Monday, May. 25, 1942
The Last Weapon
U.S. chemical-warfare experts believe that gas will be widely used on the battlefronts of this war. Their only uncertainty is when & where. They even know how it will be used. The airplane is a ready means of spreading gas quickly over the greatest area. And all the belligerents are ready, Axis and United Nations alike. The U.S. Army kept its counsel last week, but the citizenry could be sure that elaborate preparations have been made for chemical warfare.
The Army says only that gas masks have been supplied to every soldier sent into a potential combat zone. Gas warfare is humane, say the military theorists. As proof, they cite the fact that in World War I gas caused less suffering from wounds than other weapons. Of the 1,300,000 men gassed, only 90,000 were fatalities, and complete recoveries predominated. (Of the 28,000,000 men wounded by other weapons, 8,200,000 died.) And gas is quick and effective, they argue. War's objective is to immobilize the enemy and make him sue for peace. What quicker agent than gas? Some military observers believe the Germans could have won World War I at Ypres on April 22, 1915, when they first introduced gas in large-scale modern combat, when the stunned British and French Colonial troops choked, fell and fled as clouds of chlorine boiled into their trenches. But the Germans did not or could not follow up their first quick triumph. Every military man worth his salt knows that all such talk is only high theory, that poison gas is the most fearful horror of war, that it will be the weapon of last resort, when all other known military means have failed to force a decision. Masks on Frontiers. The outlook for civilians, as usual, is not rosy.
A trial run of 5,000,000 noncombatant gas masks has been ordered. But to equip all war workers and stay-at-homes in the potential target areas -- the 300-mile-wide strips along the three coasts, and 33 other strategic areas --would require 55,000,000 masks.
Said OCDirector James M. Landis: No plans have been made to equip the whole U.S. urban population with masks, as has been done in Britain, "until the present frontiers change." And the whole foul problem hung in delicate balance: the civilian frontier might not change for the duration. Axis as well as Ally feared the terrible retaliation. Alabama's Senator Lister Hill demanded masks for all industrial workers-- and soon. The Army had established civil defense courses on five campuses (Amherst, Texas A. & M., Stanford, Florida, Maryland)--and the courses featured gas instruction. Good Old Mustard. U.S. armed forces publicly recognize 16 chemical warfare agents.
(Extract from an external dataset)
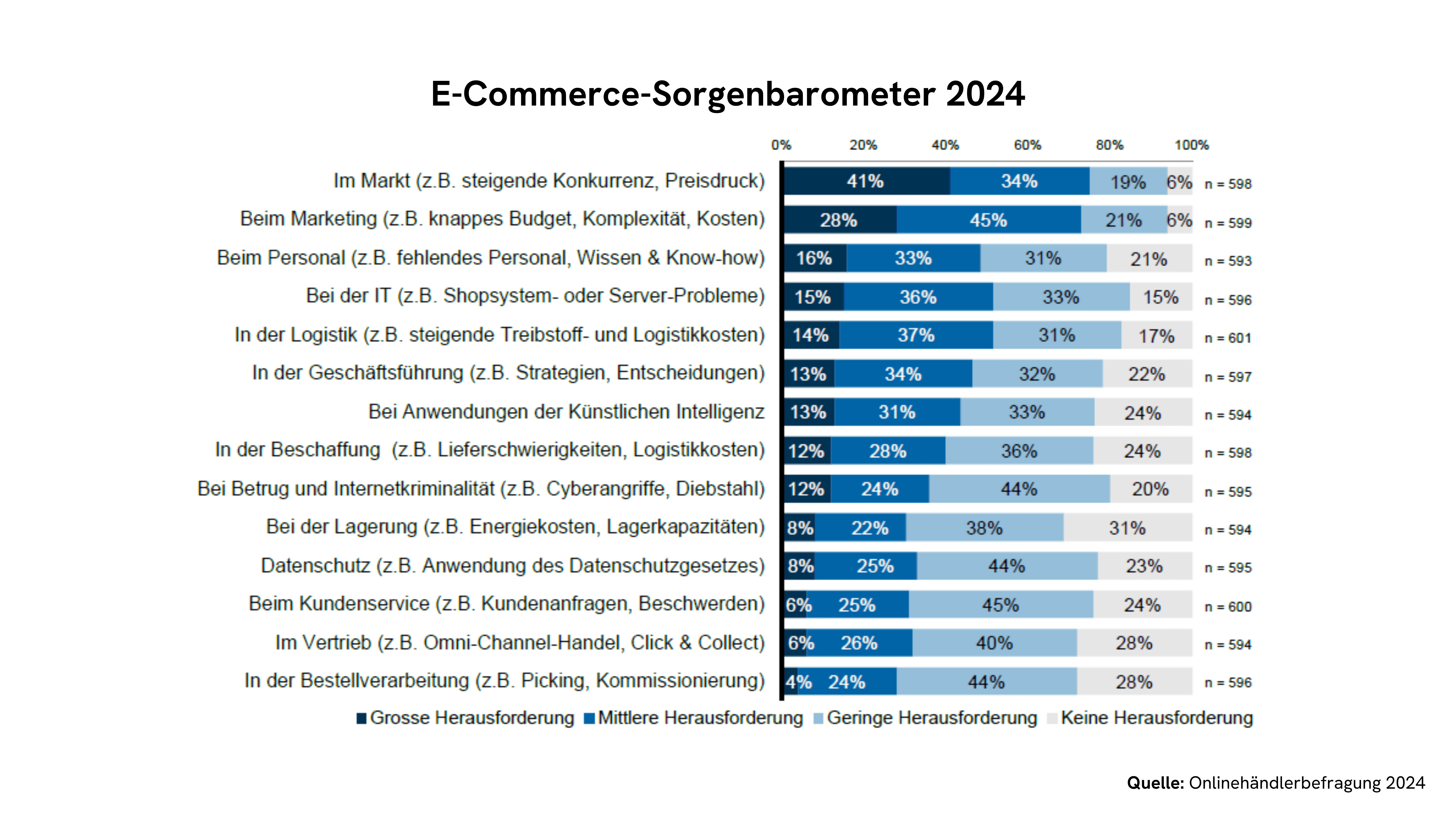 Arguably the most important part of the survey is the so-called “E-commerce Worry Barometer”, in which the traders talk about their biggest challenges. As already in 2023, the current market situation is again the main concern this year: The competition is constantly growing and the price pressure continues to increase.

None is new. There are seven poison gases, five smoke agents for screening, and the trustworthy incendiary, thermite. The poison gases: mustard, lewisite, ethyldichlorarsine, chlorpicrin, diphosgene, phosgene and chlorine. Mustard gas is popular with high commands. It rises, colorless, from a soupy, machine-oil sort of liquid, burns a man inside & out.
Lewisite, another blister gas, was developed toward the close of World War I in the U.S., is now a favorite of the Japs. Deadliest gas of World War I was phosgene: a couple of good whiffs mean a painful and almost certain death. The U.S. has no part in any treaty outlawing gas warfare.
Britain, France, Italy, Japan and the U.S. devised such a treaty in 1921, but the French did not ratify. A similar protocol initialed in 1925 was not approved by either the U.S.--or Japan.